▸ **What you are asked to do**: From the line with "معنای مستقلی ندارد." through the line with "Relax Polo Collar Knitwear Set Brown", repeat the entries verbatim, both end lines included, and add nothing.

━━━ Recorded data ━━━

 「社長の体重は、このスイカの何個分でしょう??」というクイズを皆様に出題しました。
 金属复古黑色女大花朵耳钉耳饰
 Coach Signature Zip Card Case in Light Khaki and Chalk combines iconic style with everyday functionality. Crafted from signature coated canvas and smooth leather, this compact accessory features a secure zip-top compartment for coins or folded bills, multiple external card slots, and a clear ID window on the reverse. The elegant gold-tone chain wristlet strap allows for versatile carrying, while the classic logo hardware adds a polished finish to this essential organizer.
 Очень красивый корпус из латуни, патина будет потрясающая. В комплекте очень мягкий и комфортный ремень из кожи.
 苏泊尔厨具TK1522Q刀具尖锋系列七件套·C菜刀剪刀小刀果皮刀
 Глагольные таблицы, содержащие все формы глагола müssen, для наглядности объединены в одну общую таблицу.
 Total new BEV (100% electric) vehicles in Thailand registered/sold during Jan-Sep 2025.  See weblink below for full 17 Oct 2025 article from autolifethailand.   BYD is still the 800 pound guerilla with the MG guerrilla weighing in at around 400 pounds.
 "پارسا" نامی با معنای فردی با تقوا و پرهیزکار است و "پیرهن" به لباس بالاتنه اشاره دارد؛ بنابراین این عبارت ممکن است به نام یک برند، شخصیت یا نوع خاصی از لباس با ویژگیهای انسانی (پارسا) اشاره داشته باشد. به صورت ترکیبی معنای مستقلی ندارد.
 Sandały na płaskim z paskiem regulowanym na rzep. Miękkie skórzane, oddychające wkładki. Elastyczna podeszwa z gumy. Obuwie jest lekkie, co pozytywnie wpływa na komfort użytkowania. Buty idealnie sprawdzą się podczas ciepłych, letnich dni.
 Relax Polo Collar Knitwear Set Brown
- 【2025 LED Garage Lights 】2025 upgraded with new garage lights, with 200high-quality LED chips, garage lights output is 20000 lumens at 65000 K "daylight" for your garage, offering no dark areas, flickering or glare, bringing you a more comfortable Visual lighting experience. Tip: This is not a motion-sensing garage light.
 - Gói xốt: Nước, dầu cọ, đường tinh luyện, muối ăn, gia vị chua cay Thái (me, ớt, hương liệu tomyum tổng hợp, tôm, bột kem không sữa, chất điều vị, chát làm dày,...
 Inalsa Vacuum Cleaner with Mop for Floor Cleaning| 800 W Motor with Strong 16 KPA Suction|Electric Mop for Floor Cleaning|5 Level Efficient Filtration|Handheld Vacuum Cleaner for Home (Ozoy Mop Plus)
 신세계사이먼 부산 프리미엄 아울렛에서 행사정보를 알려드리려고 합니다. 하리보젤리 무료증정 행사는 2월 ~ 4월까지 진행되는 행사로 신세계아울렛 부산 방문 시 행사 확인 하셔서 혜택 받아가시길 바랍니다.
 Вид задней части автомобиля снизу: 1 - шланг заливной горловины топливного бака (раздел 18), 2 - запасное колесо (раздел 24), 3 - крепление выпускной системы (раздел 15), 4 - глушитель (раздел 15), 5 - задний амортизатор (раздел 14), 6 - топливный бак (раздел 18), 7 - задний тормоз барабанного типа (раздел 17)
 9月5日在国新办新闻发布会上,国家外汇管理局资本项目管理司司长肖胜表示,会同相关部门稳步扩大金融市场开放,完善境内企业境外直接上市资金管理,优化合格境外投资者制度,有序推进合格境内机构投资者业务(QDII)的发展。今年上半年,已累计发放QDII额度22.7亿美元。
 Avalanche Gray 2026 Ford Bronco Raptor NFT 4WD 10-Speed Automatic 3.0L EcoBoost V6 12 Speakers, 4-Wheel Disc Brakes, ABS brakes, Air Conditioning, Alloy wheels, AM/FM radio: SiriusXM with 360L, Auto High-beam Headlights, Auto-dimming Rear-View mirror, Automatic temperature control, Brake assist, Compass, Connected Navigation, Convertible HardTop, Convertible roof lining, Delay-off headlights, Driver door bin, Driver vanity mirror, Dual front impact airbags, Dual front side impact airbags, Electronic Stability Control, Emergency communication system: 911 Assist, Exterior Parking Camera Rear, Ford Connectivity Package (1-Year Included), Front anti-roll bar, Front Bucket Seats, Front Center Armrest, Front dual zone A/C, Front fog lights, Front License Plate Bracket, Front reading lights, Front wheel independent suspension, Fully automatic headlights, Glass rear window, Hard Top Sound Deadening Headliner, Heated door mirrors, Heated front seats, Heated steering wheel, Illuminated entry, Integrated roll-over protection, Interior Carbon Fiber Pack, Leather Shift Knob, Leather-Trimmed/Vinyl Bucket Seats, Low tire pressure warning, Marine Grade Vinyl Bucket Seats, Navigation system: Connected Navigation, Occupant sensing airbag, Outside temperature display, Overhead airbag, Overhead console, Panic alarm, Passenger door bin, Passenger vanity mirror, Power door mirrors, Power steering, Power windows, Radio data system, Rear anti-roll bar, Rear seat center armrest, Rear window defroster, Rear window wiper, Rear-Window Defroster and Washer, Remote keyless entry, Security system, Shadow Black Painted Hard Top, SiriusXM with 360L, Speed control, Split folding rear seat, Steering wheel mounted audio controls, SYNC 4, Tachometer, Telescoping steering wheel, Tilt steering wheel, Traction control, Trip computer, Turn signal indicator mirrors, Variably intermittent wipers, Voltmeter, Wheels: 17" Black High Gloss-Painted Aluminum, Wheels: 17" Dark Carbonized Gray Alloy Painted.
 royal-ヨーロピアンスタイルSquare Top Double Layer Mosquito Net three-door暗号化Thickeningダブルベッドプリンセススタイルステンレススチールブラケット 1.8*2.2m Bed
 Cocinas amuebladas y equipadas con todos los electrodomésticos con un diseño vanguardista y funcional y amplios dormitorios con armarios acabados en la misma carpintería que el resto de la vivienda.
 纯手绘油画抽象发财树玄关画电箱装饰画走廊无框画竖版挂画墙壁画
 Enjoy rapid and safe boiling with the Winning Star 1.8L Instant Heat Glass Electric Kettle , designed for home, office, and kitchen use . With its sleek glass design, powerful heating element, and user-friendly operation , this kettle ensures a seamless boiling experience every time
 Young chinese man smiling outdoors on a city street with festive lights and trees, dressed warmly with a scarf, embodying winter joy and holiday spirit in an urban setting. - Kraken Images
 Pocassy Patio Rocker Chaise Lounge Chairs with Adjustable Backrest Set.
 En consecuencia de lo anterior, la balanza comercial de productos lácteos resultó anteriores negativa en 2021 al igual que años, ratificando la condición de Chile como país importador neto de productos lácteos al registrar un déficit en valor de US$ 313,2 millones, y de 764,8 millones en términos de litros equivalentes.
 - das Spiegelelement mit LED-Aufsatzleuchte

━━━

▸ **Output of the exercise**:
 "پارسا" نامی با معنای فردی با تقوا و پرهیزکار است و "پیرهن" به لباس بالاتنه اشاره دارد؛ بنابراین این عبارت ممکن است به نام یک برند، شخصیت یا نوع خاصی از لباس با ویژگیهای انسانی (پارسا) اشاره داشته باشد. به صورت ترکیبی معنای مستقلی ندارد.
 Sandały na płaskim z paskiem regulowanym na rzep. Miękkie skórzane, oddychające wkładki. Elastyczna podeszwa z gumy. Obuwie jest lekkie, co pozytywnie wpływa na komfort użytkowania. Buty idealnie sprawdzą się podczas ciepłych, letnich dni.
 Relax Polo Collar Knitwear Set Brown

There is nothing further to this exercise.